しみのお悩み
しみのお悩み
老人性色素斑(日光黒子)は、顔や手の甲、腕など日光が当たりやすい部位にできる平らな茶色い「しみ」です。形は円形や楕円形で、境界がはっきりしていることが多いです。一般的には40歳以降に増え始め、自然に消えることはありません。老人性色素斑の一部がすこしずつ盛り上がり、「脂漏性角化症」(できもののお悩みを参照)という「いぼ」ができることもあります。
老人性色素斑は、長年の紫外線暴露や加齢の影響によって、皮膚の表皮ケラチノサイト、メラノサイト、真皮線維芽細胞に異常がおこり、メラニンが増えることで生じます。また、増えたメラニンが分解されにくくなっていることも指摘されています。
日常生活では、日焼け止めや帽子、日傘などの紫外線対策が予防と悪化防止に重要です。老人性色素斑の治療として、当院ではIPL、ピーリング、美白剤の外用をお勧めしております。老人性色素斑と思っても、中には悪性の「しみ」が隠れていることがあるため、皮膚科の正確な診断のもとで安心して治療しましょう。
肝斑は、30〜50代の女性に多くみられる左右対称の茶色い色素斑で、頬骨付近や額、口のまわりに広がり、まぶたには通常みられないのが特徴です。稀ではありますが、男性にみられることもあります。
肝斑はメラノサイトの活性化によってメラニン産生が亢進している状態で、長年の紫外線暴露による真皮の変化や角層のバリア機能不全、毛細血管の増生なども指摘されています。悪化因子としては、紫外線、女性ホルモン(妊娠・経口避妊薬など)、摩擦などが知られています。

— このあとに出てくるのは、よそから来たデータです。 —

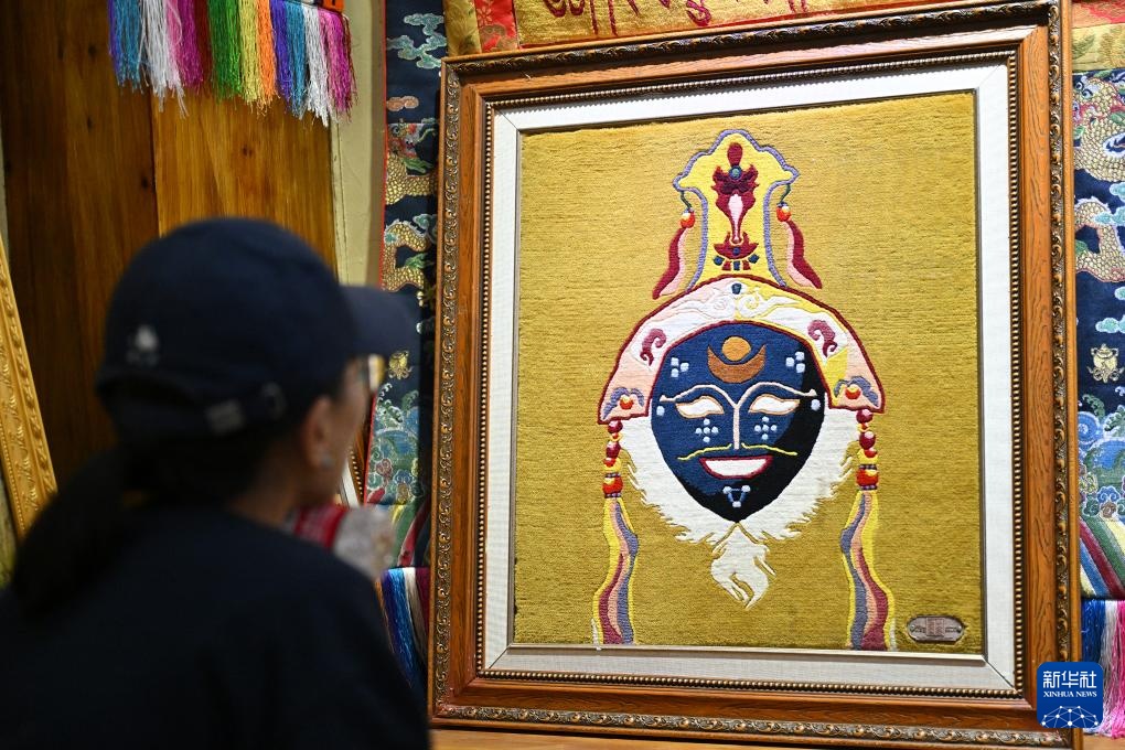 7月18日,一名参观者在江孜藏毯文化发展有限责任公司的展示厅内观看藏戏脸谱图样的藏毯产品。

治療は①摩擦を避けること、②蓄積したメラニンを軽減すること、③紫外線による真皮の変化や毛細血管増生へのケアで、当院ではトラネキサム酸などの内服薬、美白剤の外用、イオン導入、ピーリングをお勧めしております。日常生活では、日焼け止めや帽子、日傘などの紫外線対策とともに、こすらないスキンケアやメイクを徹底することが重要です。刺激の強い治療を行うとかえって悪化しやすく、継続的なケアが大切です。
「雀卵斑(じゃくらんはん)」とは「そばかす」とのことで、遺伝的要因が強く関与しています。頬や鼻の周りに散らばるように小さな茶色い斑点が現れます。幼少期に生じ、思春期に悪化して、その後は加齢とともに薄くなっていくと言われています。夏に紫外線で悪化しやすいため、日焼け止めや帽子・日傘などによる紫外線対策が重要です。治療のご希望があれば、当院ではIPLをお勧めしております。薄い雀卵斑は1回の治療で改善がみられることが多く、濃いものは回数を要します。遺伝的要因が関与しているため、長期的には少しずつ再発することがあります。
ADM(Acquired Dermal Melanocytosis:後天性真皮メラノサイトーシス)は、多くは思春期以降に発症する、数mm大の灰褐色の色素斑です。左右対称に頬や額、小鼻などに生じ、加齢によって少しずつ色調が濃くなります。自然消退することはありません。はっきりとした原因はわかっていませんが、遺伝的な要因が関与していると考えられており、東アジアの女性に多くみられます。
ADMでは蒙古斑や太田母斑などと同様、表皮基底層に通常みられるメラノサイトが真皮の浅い部分で増えています。紫外線で濃くなるものの自覚できないほどわずかで、ADM自体には紫外線対策や美白剤はあまり効かないことが知られています。ただ実際には肝斑や老人性色素斑と一緒にみられることが多く、患者様の自覚症状として改善することがあります。
ADMの治療にはレーザーが用いられますが、すぐには効果がみられなかったり、濃い炎症後色素沈着(PIH)が長期にみられることがあります。当院ではまだレーザー機器がないため、ADMに混在していることの多い肝斑や老人性色素斑の治療をまずお勧めしております。